Hi all: I have a 93 Maxima, 120,000 Miles, last week the transmission made some funny things, i was driving normally, made a stop sign, started moving forward car made 1st gear, 2nd gear and instead of doing 3rd gear it neutralized, move it manually to 2nd trying to force 3rd gear manually and didnt owrk, after a few minutes it switched to 3rd. gear and then overdrive.
it did it again a few times, then i got it to a transmission shop, i got the fluid flushed (about 3 Qts.), have new fluid poored on and the problem seemed to be worst, kept driving it slow and after 30 mins. it started working ok.
after three days brought it to anpther shop checked the fluid again and it was stilll contaminated so i asked the guy to flush it again and have him poor some additive.
I've driven it for a whole week made a 350 Miles trip and it didnt do anything wrong.
DOes anyone knows what could be wrong with it, or if just getting seals, gaskets and clutches repaired would fix the problem??

Thank you very much


----------



## Guest (May 10, 2003)

Sounds like you need an overhaul...


----------



## Trainoperator (May 17, 2005)

*Mine died at 70K*

When I had my 93 GLE, One day while stopped at a light, My transmission wouldn't downshift back to first.

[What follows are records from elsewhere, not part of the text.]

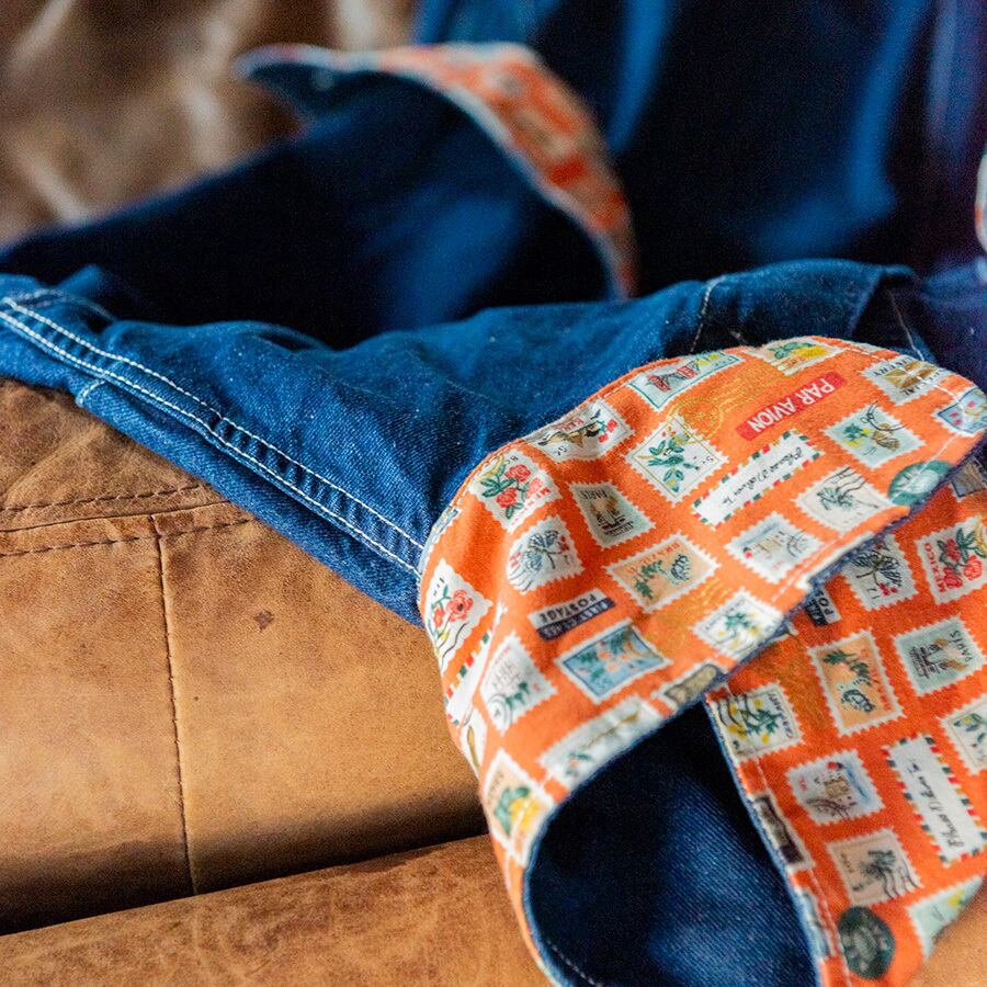 厳選したUSコットンを襟、袖、フラップのそれぞの裏地として使用し、唯一無二のdenim。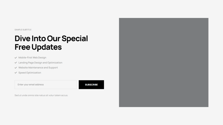 Seamless Integration: Our email opt-in sections are designed to integrate effortlessly with a wide range of email marketing services. This seamless integration ensures that the transition from visitor to subscriber is as smooth as possible, enhancing the user experience and improving your subscription rates.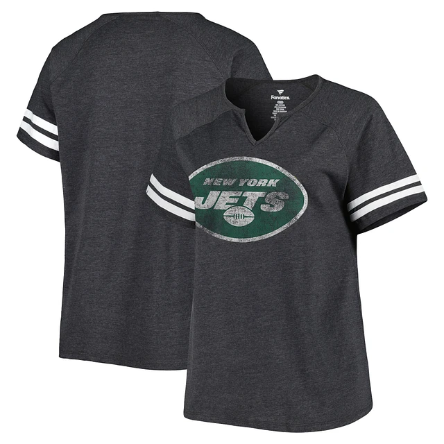 Women's Fanatics Heather Charcoal New York Jets Plus Raglan Notch Neck T-Shirt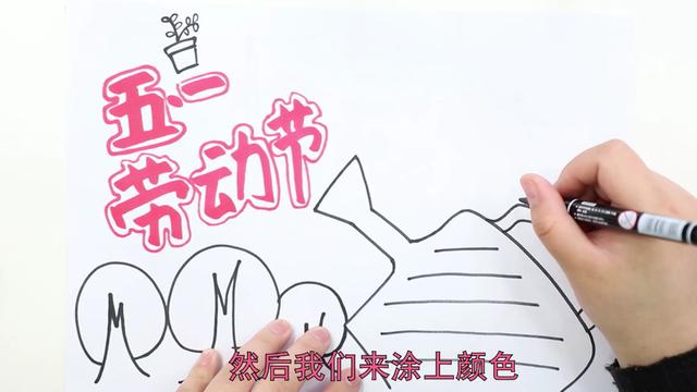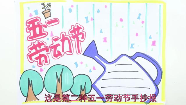 1、接下来教大家画第二种,五一劳动节的手抄报,先来写出五一劳动节,我们选择红色,右边我们可以画上一个水壶的形象,作为文本框,我们画上小树作为装饰;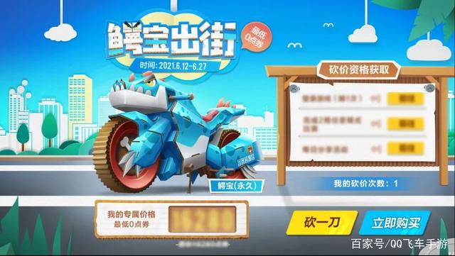 在6月12日-6月27日期间,车手们完成任务获得砍价资格,最低可砍至0点券抱走永久M1鳄宝。当未砍至最低价格时,也可以选择通过消耗点券来进行购买,同样可以获得M1鳄宝!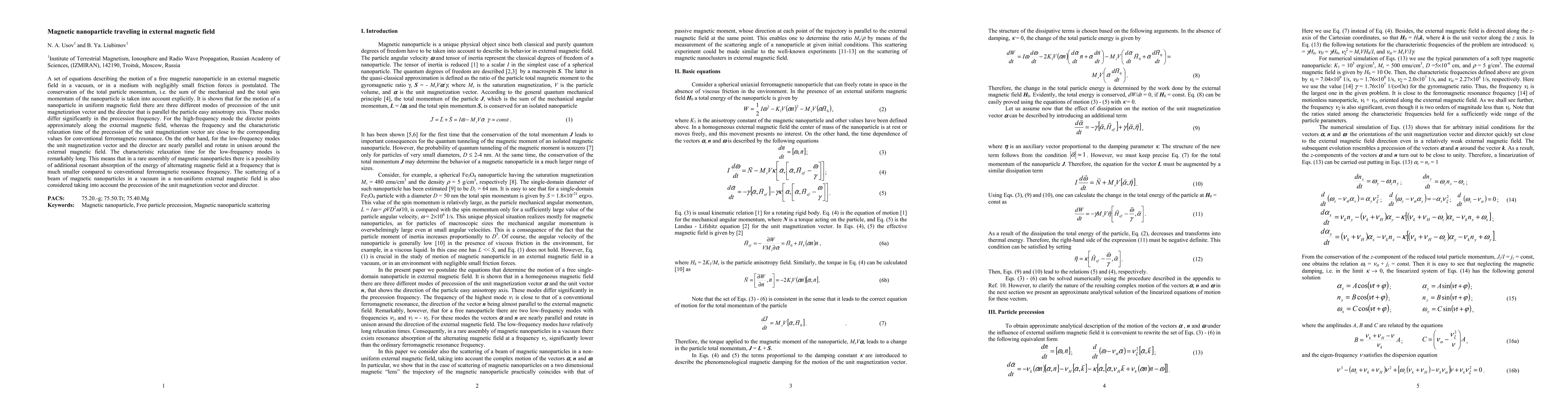 A set of equations describing the motion of a free magnetic nanoparticle in an external magnetic field in a vacuum, or in a medium with negligibly small friction forces is postulated. The conservation of the total particle momentum, i.e. the sum of the mechanical and the total spin momentum of the nanoparticle is taken into account explicitly. It is shown that for the motion of a nanoparticle in uniform magnetic field there are three different modes of precession of the unit magnetization vector and the director that is parallel the particle easy anisotropy axis. These modes differ significantly in the precession frequency. For the high-frequency mode the director points approximately along the external magnetic field, whereas the frequency and the characteristic relaxation time of the precession of the unit magnetization vector are close to the corresponding values for conventional ferromagnetic resonance. On the other hand, for the low-frequency modes the unit magnetization vector and the director are nearly parallel and rotate in unison around the external magnetic field. The characteristic relaxation time for the low-frequency modes is remarkably long. This means that in a rare assembly of magnetic nanoparticles there is a possibility of additional resonant absorption of the energy of alternating magnetic field at a frequency that is much smaller compared to conventional ferromagnetic resonance frequency. The scattering of a beam of magnetic nanoparticles in a vacuum in a non-uniform external magnetic field is also considered taking into account the precession of the unit magnetization vector and director.
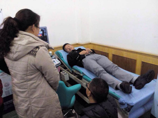 圖三:產(chǎn)品展示廳,客戶體驗電動超聲診療床中。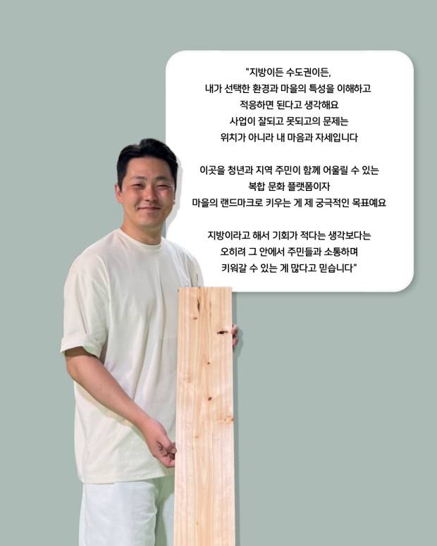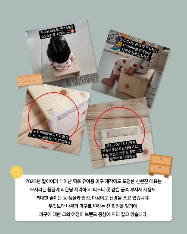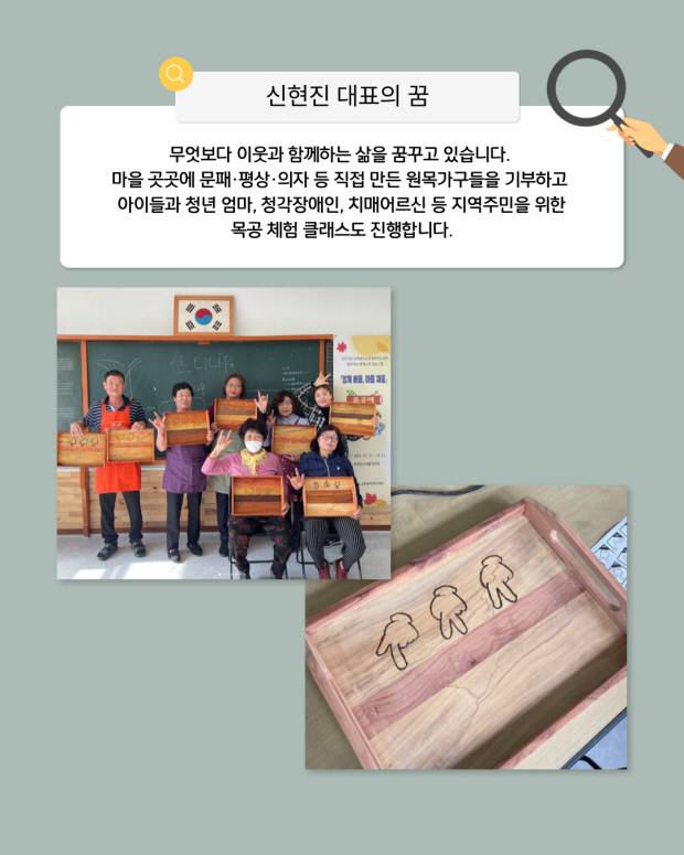 신 대표는 무엇보다 이웃과 함께하는 삶을 꿈꾸고 있으며, 마을 곳곳에 문패·평상·의자 등 직접 만든 원목가구들을 기부하고 아이들과 청년 엄마, 청각장애인, 치매어르신 등 지역주민을 위한 목공 체험 클래스도 진행하며 지역사회에 선한 영향력을 넓혀가고 있습니다.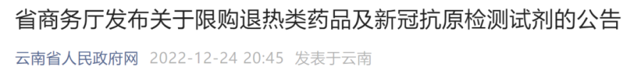 云南发布关于限购退热类药品及新冠抗原检测试剂的公告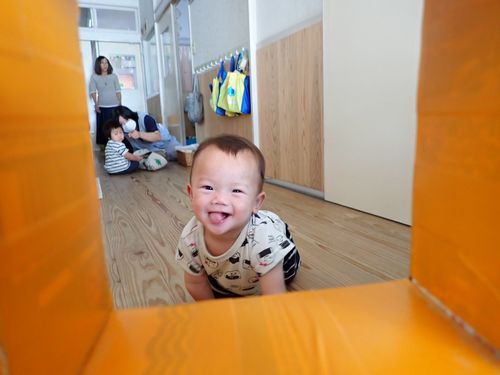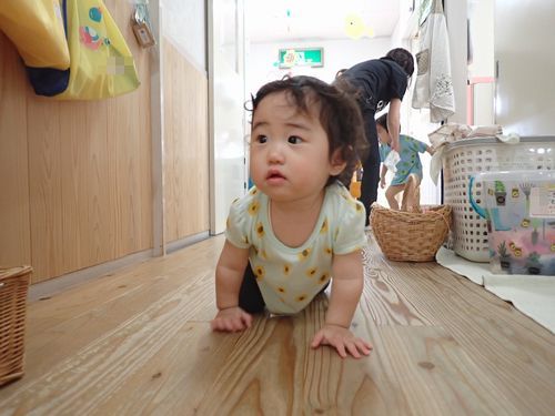 廊下も遊びのスペースに変身して、いつもと違う景色を楽しみながらハイハイをしたり、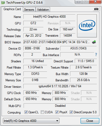 Zusammen mit dem Prozessor befindet sich auch die Intel HD Graphics 4000 auf demselben Chip, die vom System per Nivida Optimus immer dann aktiviert wird, wenn nicht so viel Grafikkraft benötigt wird. Dadurch wird ein stromsparender Betrieb ermöglicht. Meist erledigt das System diese Aufgabe zuverlässig von alleine, der Nutzer kann aber auch eingreifen und entscheiden, welche Grafikkarte bei welchem Programm zum Einsatz kommt.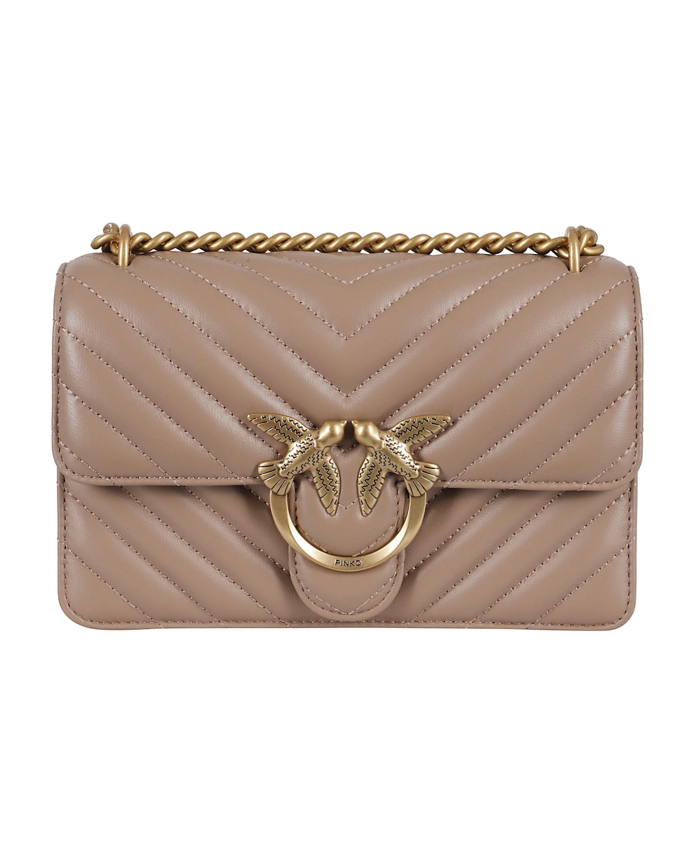 Love One Mini bag -Pinko -Biscuit color -Double interior compartments -Shoulder strap -Flap and snap button closure -Dimensions: Width 21cm x Height 14cm x Depth 5cm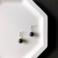 漆黒のひと粒とシルバーでシンプルなノンホールピアスに仕立てました。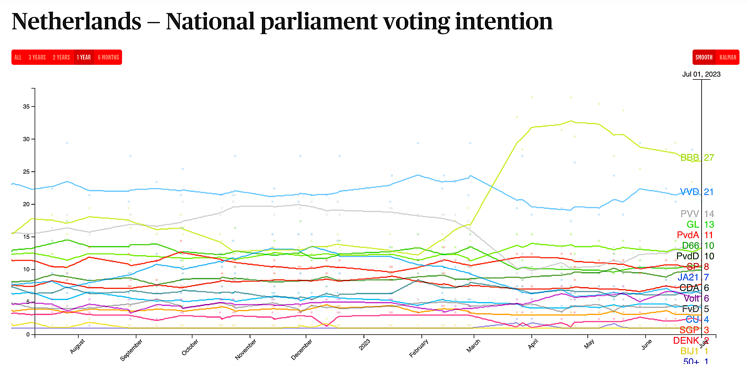 Det store spørsmålet er i hvilken grad Bonde- og borgerbevegelsen (BBB) vil gjøre seg gjeldende i det politiske landskapet i Nederland etter nyvalget til Tweede Kamer. BBB gjorde et brakvalg til Eerste Kamer (senatet) i mai, og har siden ligget høyest på meningsmålingene i landet.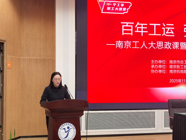 2025年11月27日,由南京市总工会主办、南京新工投资集团工会承办、伟德国际victor1946工会协办的“百年工运 强会创先”南京工人大思政课暨劳模工匠巡讲活动在伟德国际victor1946乐学楼102举行。南京新工投资集团工会副主席王春霞、伟德国际victor1946工会主席姜振宇、机械工程系师生共同参与了本次活动。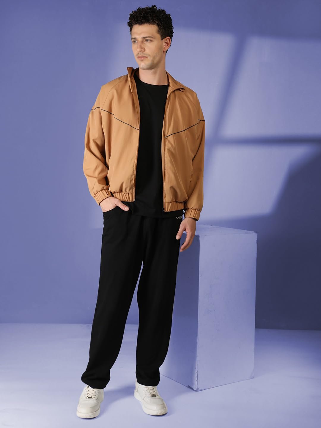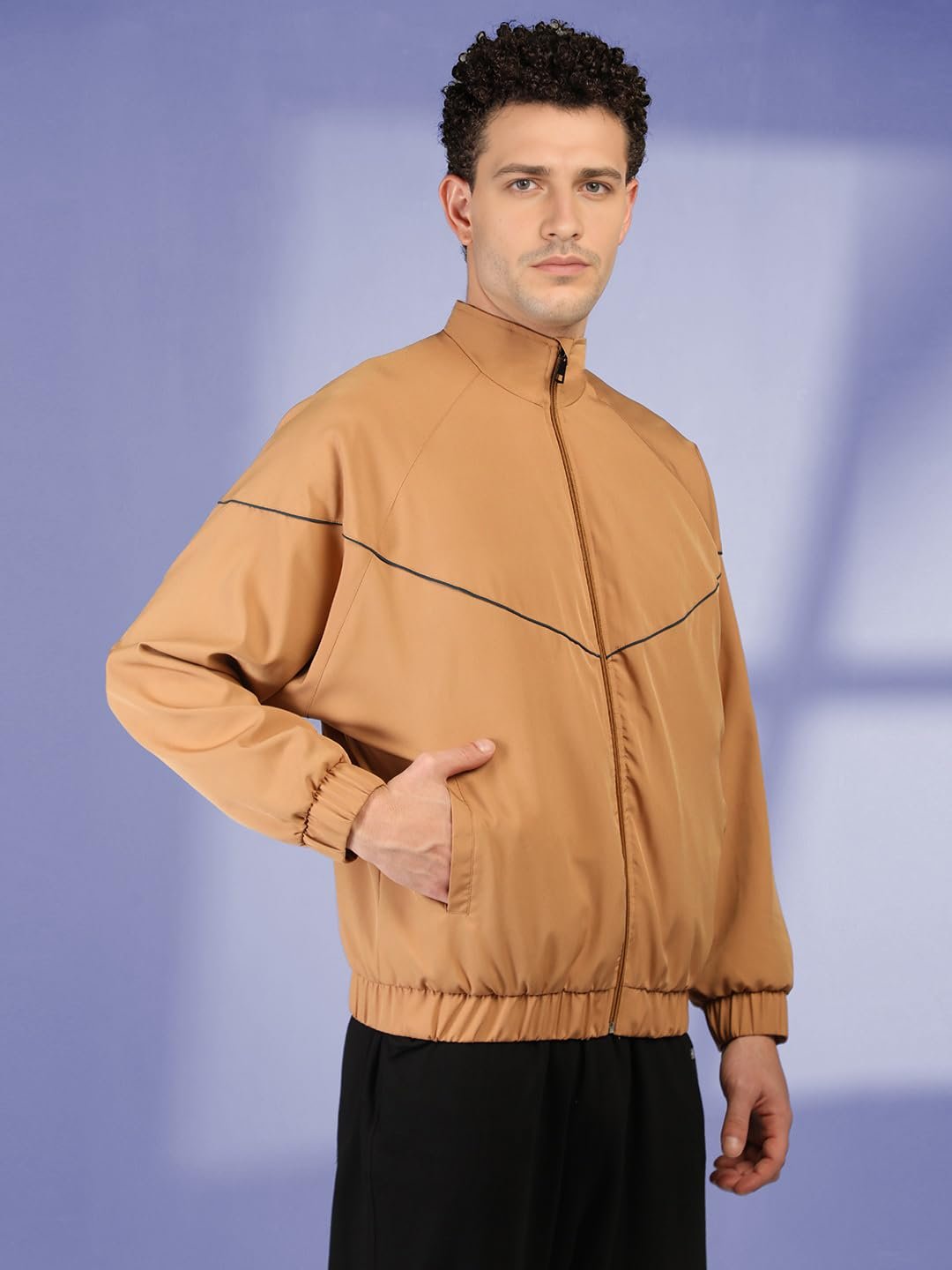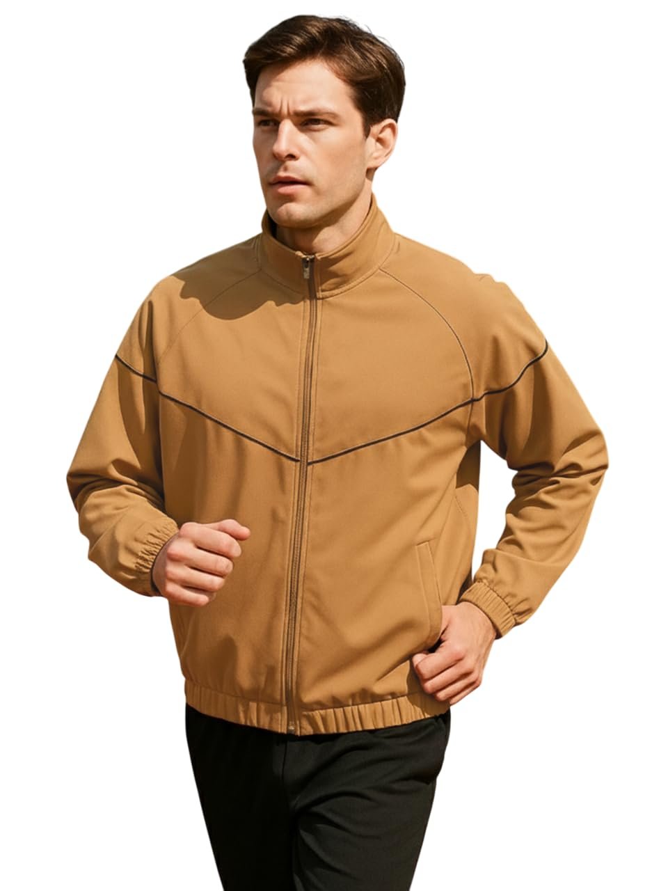 CHKOKKO Men’s Regular Fit Solid Windcheater Jacket for Running, Travel & Hiking | Lightweight Full-Zip High Neck Windbreaker with Pockets & Cuffed Sleeves Winter Sportswear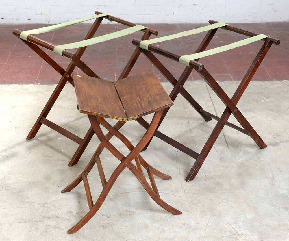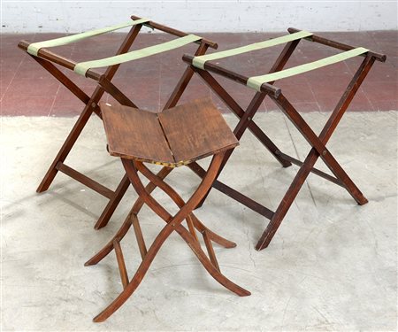 Lotto composto da un tavolino pieghevole e due trespoli porta valigie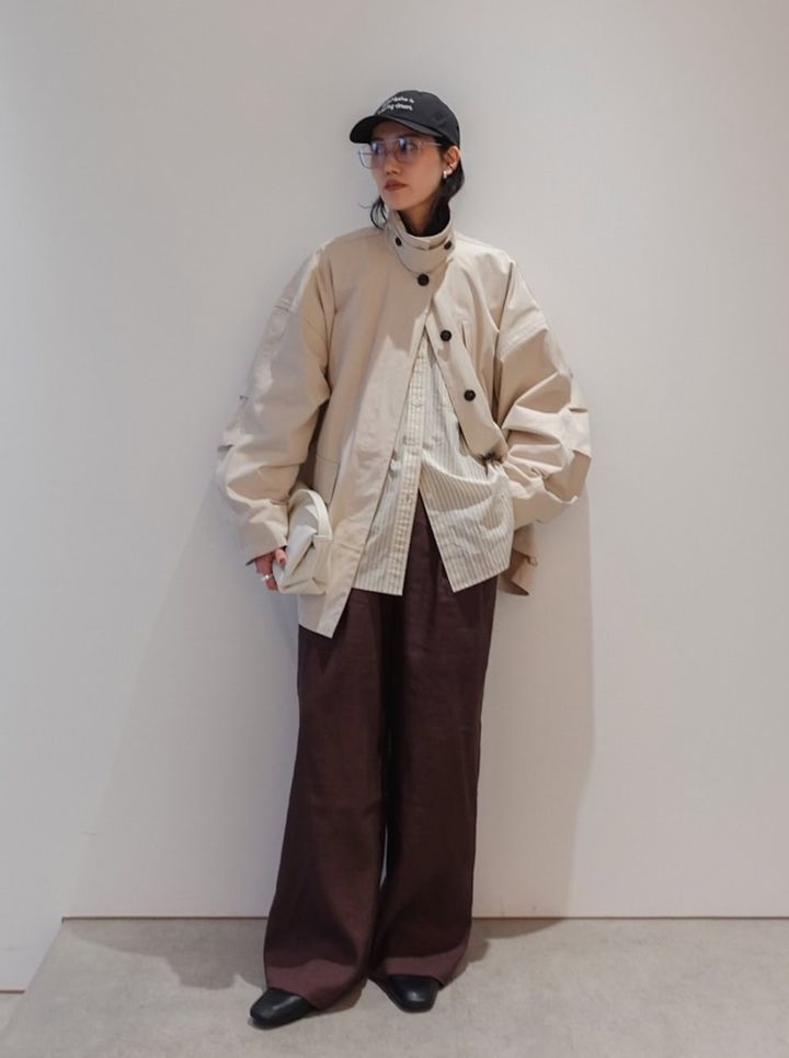 「春らしい明るいカラーのハーフコートが主役。トーンを揃えたストライプシャツとリネン素材のブラウンボトムで柔らかな雰囲気に仕上げました。ブラックの小物で全体を引き締め、カジュアルスタイルをシックにまとめています」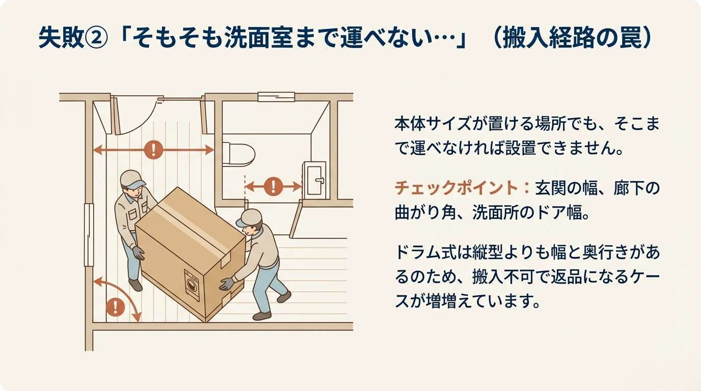 失敗②「そもそも洗面室まで運べない…」(搬入経路の罠)

Tried to pull off from the light in second gear. After about 20 seconds, id dropped into first and I drove off. Had fluid replaced, then a month after that, it let go completely. The only gear I had was reverse. Out of warranty, I paid 1300 to have repaired. Which they had to do 3 times. Finally gave me new transmission. Sold car to my brother-in-law. Car still running. From what I have been able to gather, the '93's have had problems with the transmissions as well as the stereos.
Good luck.


----------



## sukebegigi (Mar 5, 2005)

bgriffey said:


> Sounds like you need an overhaul...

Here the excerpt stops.